Even if the trade were decriminalized, some banking insiders say, their biggest concern would continue to be letting a serious crime fall through the cracks, particularly human trafficking, which can cost them millions of dollars in fines. If a person’s repeated stream of cash deposits sets off an alarm bell, banks may also consider a sexually suggestive social media or public profile, for example, in combination with too many transactions with websites the bank deems high risk.

“For the bank, it’s hard to tell, and there is not a lot of guidance,” said a money laundering investigator at one of the nation’s largest banks, who did not have permission to speak on behalf of the institution. “Things that are innocuous can get pulled in.”

The thresholds for the banks’ alarm bells, or their overall risk tolerance, may be dialed up and down over time, which means someone whose work involves sexually explicit texting, voice and video call service — phone sex for the digital age — may have an account activated one day and shut down the next.

A majority of workers and small businesses in sex-related industries have experienced some sort of financial disruption: Nearly two-thirds of people working in the adult industry have lost access to a bank account or service, like Venmo or PayPal, and nearly 40 percent of them were shut out in the past year, according to a May report by the Free Speech Coalition, a nonprofit trade group for the adult entertainment industry.

Over her 30-year career in sex work, Sinnamon Love, 49, of Brooklyn, has had her accounts closed at most of the major banks — Chase, Wells Fargo and Citi — as well as with PayPal, Square and Venmo.

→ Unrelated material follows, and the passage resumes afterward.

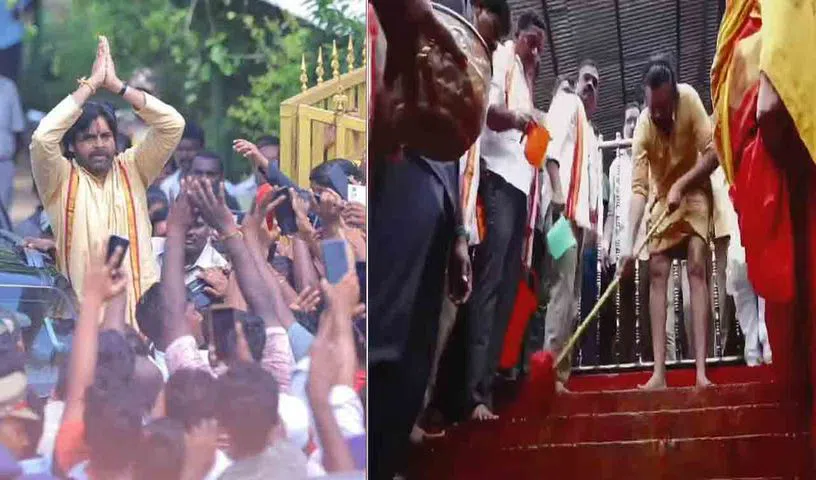 తిరుమల లడ్డూ కల్తీపై క్షమించమంటూ ఏపీ డిప్యూటీ సీఎం పవన్ కల్యాణ్ ప్రాయశ్చిత్త దీక్ష చేస్తున్నారు. ఇందులో భాగంగా విజయవాడ ఇంద్రకీలాద్రిపై ఉన్న కనకదుర్గ ఆలయంలో ఆయన శుద్ధి కార్యక్రమం నిర్వహించారు. అనంతరం అమ్మవారిని దర్శించుకుని ప్రత్యేక పూజలు చేశారు. అంతకుముందు ఆలయ అధికారులు పవన్కు స్వాగతం పలికారు. తర్వాత ఆలయం వద్ద మెట్లను ఆయన శుభ్రం చేశారు.

“I feel like I have one mobile payment app left, and I guard it with my life,” said Ms. Love, using a professional name. Ms. Love, whose career has included online content creation to working as a dominatrix in New York City, is also the founder of the Black, Indigenous and People of Color Collective, which provides support services to online sex workers of color. She won’t use the app for any work-related transactions — she fears she won’t be able to send money to her children or her niece.